Family Trusts

“Family trust” is the general term given to a revocable or irrevocable trust which is in place for the benefit of all or certain members of a family. In some older trusts, it may be called a “residuary trust” depending on how the rest of the trust instrument is structured, but it is typically the same thing.
In practice, a family trust is usually created in one of two ways. First, a settlor/grantor (i.e., trust-maker) creates the trust for his/her benefit during his/her lifetime. After his/her death, the last expenses of the trust-maker are paid and the remainder of the trust is transferred to the successor trustee. The successor trustee will then administer the trusts in accordance with its directives, and there are few limits outside of how the trust can be structured beyond one’s own imagination. The second (less common) way a family trust is usually created is where the trust-maker creates one directly by vesting title in the trustee and providing trust instructions on how and when to use the trust assets for the benefit of the beneficiaries/family. This way is less common because there is an understandable preference for trust-makers to set up the trust for their benefit during their lifetime.

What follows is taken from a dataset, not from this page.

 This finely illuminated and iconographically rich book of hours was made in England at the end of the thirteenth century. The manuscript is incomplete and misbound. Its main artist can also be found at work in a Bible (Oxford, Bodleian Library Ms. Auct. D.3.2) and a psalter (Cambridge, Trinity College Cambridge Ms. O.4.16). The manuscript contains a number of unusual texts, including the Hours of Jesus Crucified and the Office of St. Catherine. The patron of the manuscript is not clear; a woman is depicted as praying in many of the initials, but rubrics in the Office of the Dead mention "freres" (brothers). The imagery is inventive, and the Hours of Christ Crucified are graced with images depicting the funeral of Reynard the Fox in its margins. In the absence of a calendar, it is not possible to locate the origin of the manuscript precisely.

Regardless of how the family trust is created, how that trust is to be administered may vary. Based on experience, popular directives include the successor trustee distributing money, in whole or in part, to beneficiaries’ at certain intervals (e.g., college graduation, marriage, reaching a certain age), that income be distributed quarterly/annually to beneficiaries, or that the trust be fully distributed when a beneficiary reaches a certain age.

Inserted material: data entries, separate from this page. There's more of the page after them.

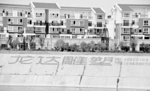 下图:昨天,在沙颍河中州路大桥北侧的河堤上,记者看到一片红色的大字广告很是显眼,与前面的沙颍河和背后的景色很不和谐。
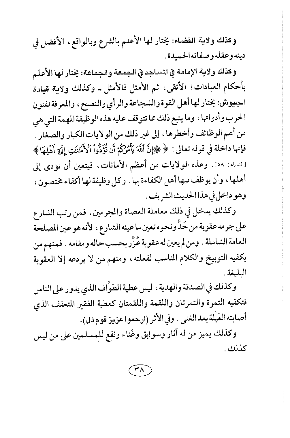 وكذلك ولاية الإمامة في المساجد في الجمعة والجماعة: يختار لها الأعلم بأحكام العبادات الأتقى، ثم الأمثل فالأمثل - وكذلك ولاية قيادة الجيوش: يختار لها أهل القوة والشجاعة والرأي والنصح، والمعرفة لفنون الحرب وأدواتها، وما يتبع ذلك مما تتوقف عليه هذه الوظيفة المهمة التي هي من أهم الوظائف وأخطرها، إلى غير ذلك من الولايات الكبار والصغار. فإنها داخلة في قوله تعالى: {إِنَّ اللَّهَ يَأْمُرُكُمْ أَنْ تُؤَدُّوا الْأَمَانَاتِ إِلَى أَهْلِهَا} [النساء: 58] وهذه الولايات من أعظم الأمانات. فيتعين أن تؤدى إلى أهلها، وأن يوظف فيها أهل الكفاءة بها، وكل وظيفة لها أكفاء مختصون، وهو داخل في هذا الحديث الشريف.
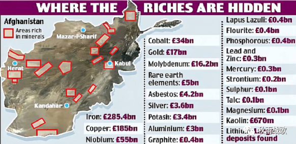 阿富汗已探明的稀有矿产储量是140亿吨,比如锂、铁、铜、钴、稀土等17种稀有贵重金属,这些是制造消费电子产品、武器装备的元素,少说估值3万亿美元以上。
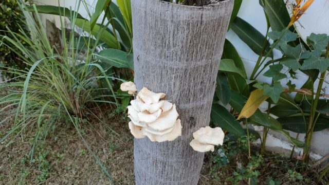 関係無いが切り倒したパームの幹から色々な菌類が出ていてキモイ。
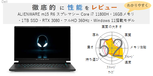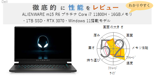 「ALIENWARE m15 R6 プラチナ Core i7 11800H・16GBメモリ・1TB SSD・RTX 3070・Windows 11搭載モデル」の総合評価は52です。
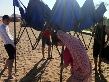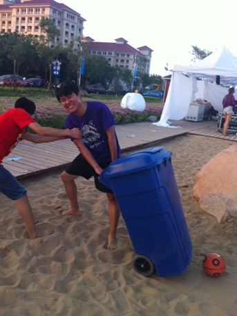 在辽阔的沙滩上搬运物料走2公里实属吃力,垃圾桶变成了小伙伴们的运输工具,由于沙子的软性,拉起来也是步履艰难。
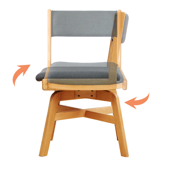 こちらのチェアは座面が360度回転式になっているため、椅子を引かずにスムーズな立ち座りを促します。少しの力で座面が回りますが、勝手な回転はしません。
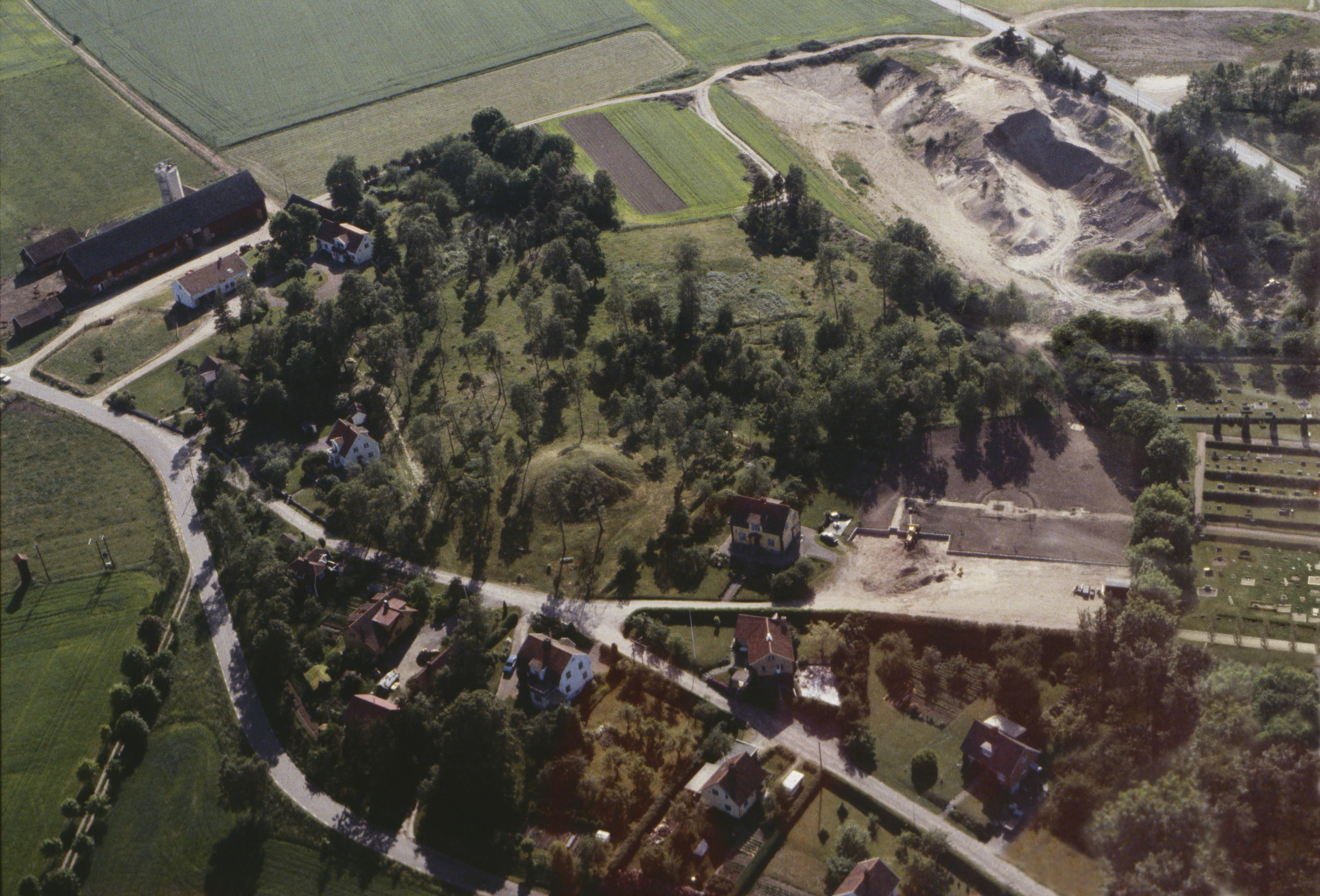 Beskrivning: Områden vid Larvs kyrka (kyrkogården i bildens högra kant). Vid bildens mitt gravfält och hög Larva bäsing RAÄnr Larv 22:1. Bilden är tagen mot (väderstreck): VSV

We have been involved in all aspects of the family trust: drafting and structuring, representing a trustee, and representing a beneficiary understanding his/her rights under the trust. We have also handled litigation pertaining to breach of trust and breach of fiduciary duty; in less contested, adversarial circumstances, we have also obtained clarification from the probate court regarding how the trust should be distributed when the instrument is ambiguous.